Kirsty Brimelow: I completely agree with clear information being given to complainants. That is very important, and throughout my practice I have always tried to communicate with complainants at court in order to explain the system to them, certainly not leaving it to the police officer.
The other issue that we cannot now ignore in the attrition rate is the increase in the time taken between complaint and trial. That is undoubtedly affecting those who would wish to continue their complaint but their life simply cannot wait three years and so on.
Q164 James Daly: We are both clear about that. A lot of that is between arrest and charge. It is not the court system; it is not after charge. Clearly, we want things to go quicker in the court system, but, as we both know, over many years there have been delays in the court system. They may be exacerbated at this moment in time, but—
Kirsty Brimelow: It is hugely different.
Q165 James Daly: I would challenge you on that, but we do not have time. What has happened is that the decision-making process between arrest and charge or not charge is inordinately longer than it used to be. We have major problems in respect of that, so we have to make it clear that the delays are pre-court process in many circumstances.
Kirsty Brimelow: I absolutely agree with that. These are the stats on that. I have the latest NAO stats. There is a 435% increase in the number of sexual offence trial cases in the Crown court backlog for longer than a year. That is when they are at the Crown court in the backlog. There was a 435% increase between March 2020 and June 2021. Those are the latest NAO figures.
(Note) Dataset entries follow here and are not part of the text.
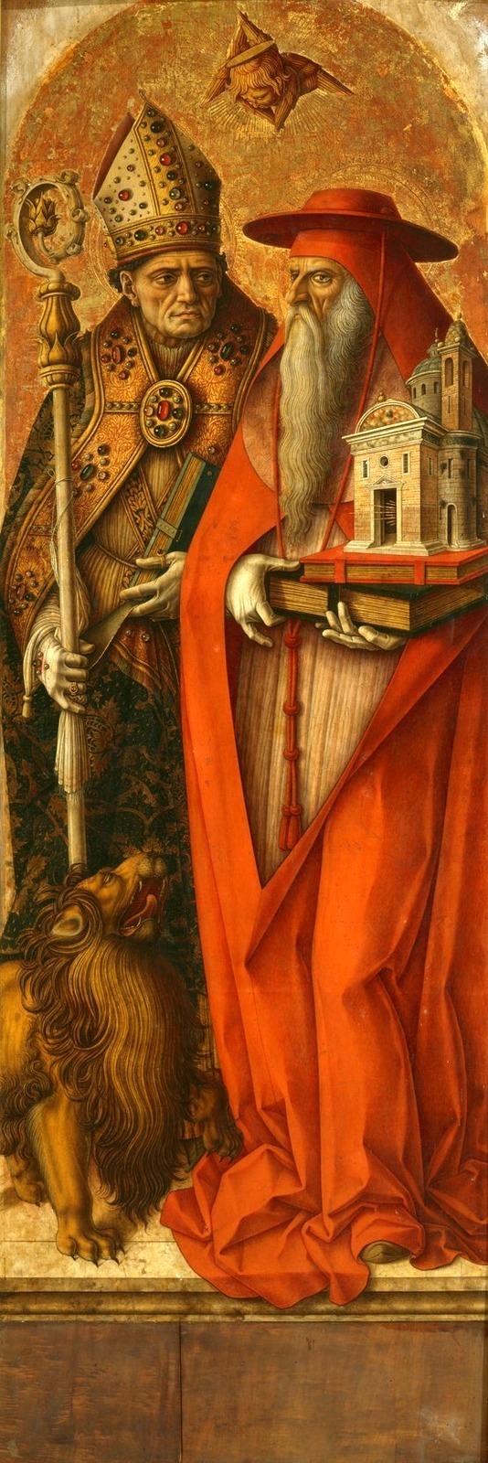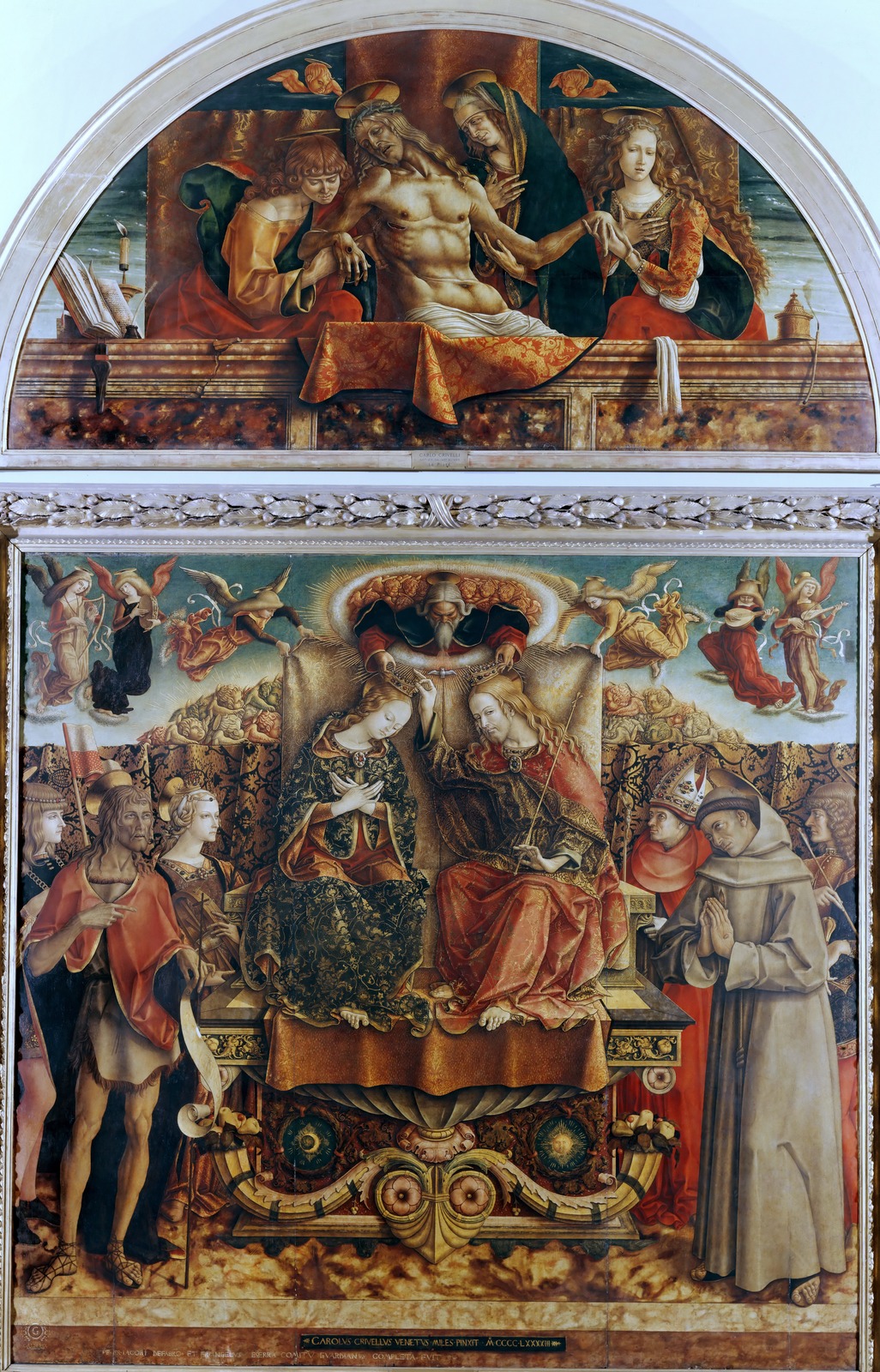Большой алтарный образ подписан: «OPVS CAROLI CRIVELLI VENETI» (произведение Карло Кривелли венецианца). Напоминание о месте рождения художника свидетельствует о том, что он работал вдали от Венеции: все основные произведения Карло Кривелли созданы на территориях Марке, находившихся во владении Рима.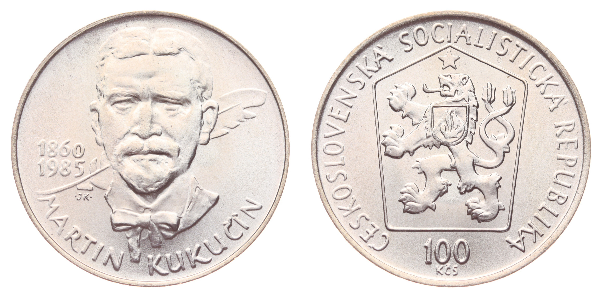100 Koruna, 1985, M.Kukučín, Ag mince, ryzost 0,500, váha 9 gramů, Aurea 160, kapsle, ražební lesk, stav 0/0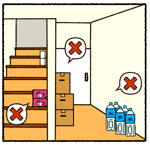 買い物をしたものが入ったままのビニール袋や段ボールなど、つまずきやすかったり避けて通らなければならなかったりするものはないかチェック。こうした床を塞ぐものは、ふだんから転倒の危険があるだけでなく、いざというときの逃げ道をなくすことにも。別の場所に移動させるか処分しましょう。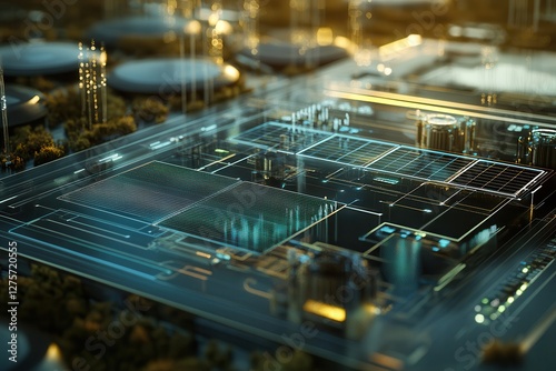 A futuristic energy grid powered entirely by renewable sources, displayed through dynamic data visualizations on a holographic interface.
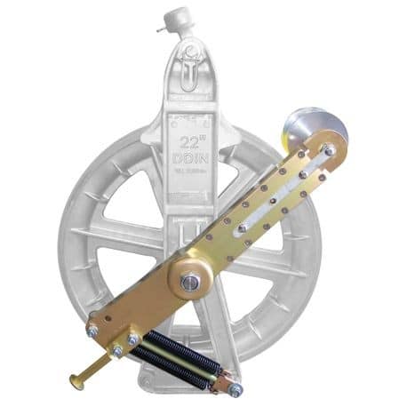 • Uses a heavy-duty spring assembly to keep the roller in constant contact with the conductor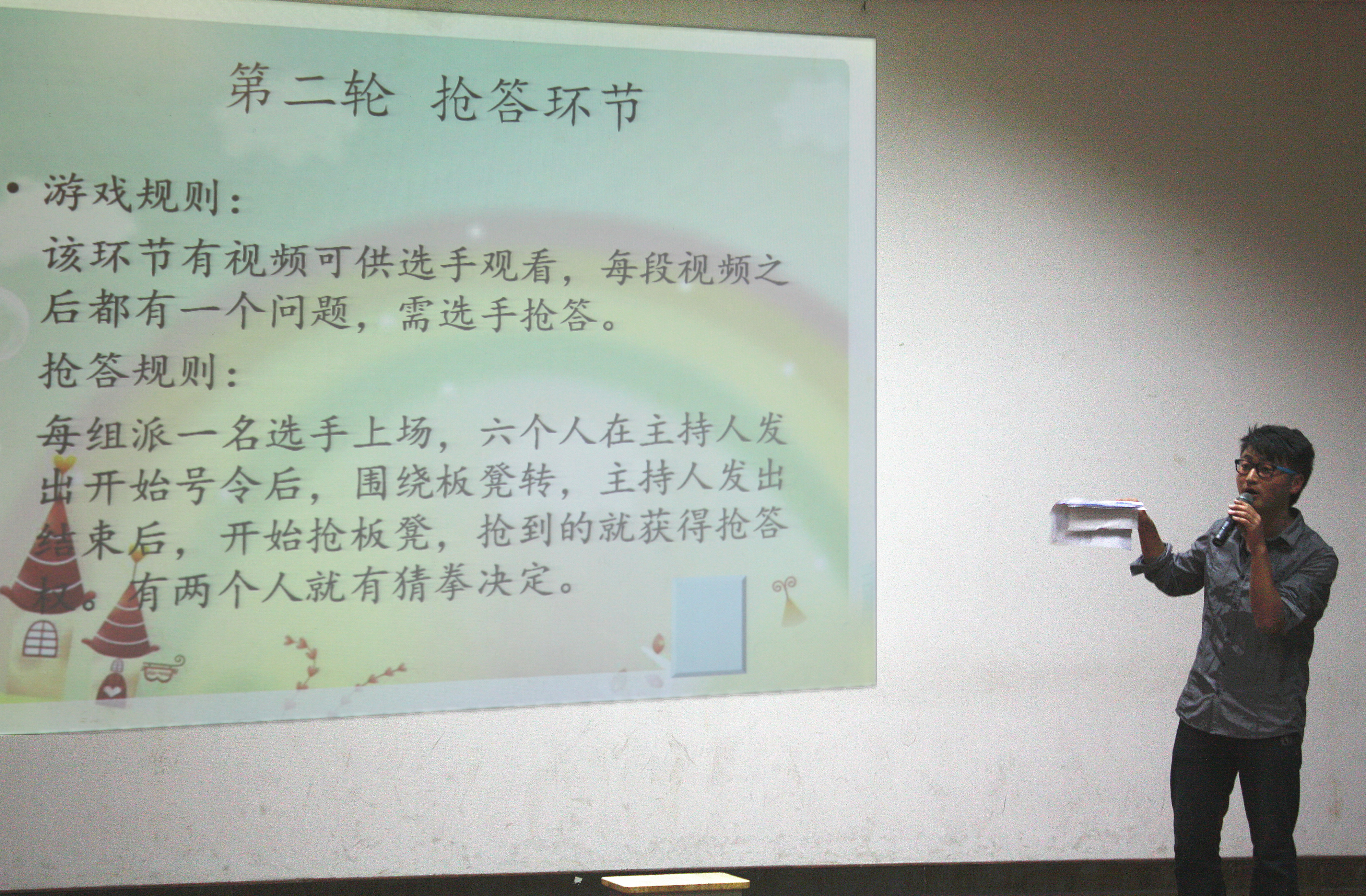 从4月12日开始,主要负责人就开始准备了。这场知识竞赛主要分两场,知识涉及消费、急救、交通等等各个方面。4月14日在阶4举行了初赛——笔试。经过同学们的充分准备,一轮的比拼,有六组队伍脱颖而出,进入了决赛。决赛在19日晚上6点半的大学生活动中心的多功厅举行了。活动还邀请了保卫处的徐治国老师以及主席团的一些同学作为嘉宾。比赛分三个环节,轮流答题,看视频抢答以及挑战不同分值的题型。同学们的表现让人大吃一惊,有的在主持人题目都没有读完,答案就说出来了。看视频抢答,大家以经典的抢板凳的游戏来抢答,各位上场的选手们为了小队的成绩,牺牲了自己平时淑女文静的形象,使出全力地为自己的队伍抢到宝贵的回答机会。有一个视频是由江苏警官学院的同学给选手们拍的视频,题目中的问题难倒了选手们。比赛十分激烈,经过层层角逐,终于产生了第一名。中场休息时,一首好听的《谁》,让大家在激烈的头脑风暴中放松一下;情景剧《中国式过马路》,以小崔说事的电视台为背景,再转换到老奶奶闯红灯过马路的现场,最后镜头又回到电视台,主持人请专家进行了点评。同学们幽默诙谐的表演,让在场的嘉宾及观众捧腹大笑。游戏“你来比划我来猜”,同学们更是踊跃报名想要参加。看着台上同学一个卖力地比划着,一个却猜出千奇百怪的答案,让在场的人都开怀大笑。一个小时很快地就过去了,大家在愉快的氛围里,收获了快乐的同时也收获安全知识。

Q166 Ms Abbott: I want to follow on from our discussion about rape cases. I am glad you have established this because there is a lot of mythology around it. Once a rape case gets to court, there is as good a rate of conviction as with anything else. Just briefly, what is going wrong before rape cases get to court?
Kirsty Brimelow: There are many factors. It is multi-factored.
Q167 Chair: You will have to be quite quick; otherwise, we will lose our quorum. I do not want to do that because this is an important topic.
Kirsty Brimelow: For example, there is some misinformation about handing over phones. That seems to be changing. Phones will now be given back very quickly, but there was a stage when people misunderstood what would happen with their personal information, and there was reluctance to engage with the police.
There have been cuts within the police that have meant that the SOIT officer, who used to be a constant person with the complainant, which we saw as beneficial in supporting them through the process, has changed or is no longer available, even from the start. The time expanded as well. We have the pandemic on top. Therefore, people are not prepared to wait so long. That is a major factor, but I will hand over to Professor Thomas on that.
Professor Thomas: I do not have too much to add. The pre-trial stage is not really my area of research expertise, but I think everyone can agree that there have been massive cuts in the police and the CPS, and ultimately it will have an impact on the efficiency of what happens in the pre-trial process.
Chair: That is very helpful. Thank you very much for your time and your evidence; it has been very useful to us. It is good to see you both. The session is concluded.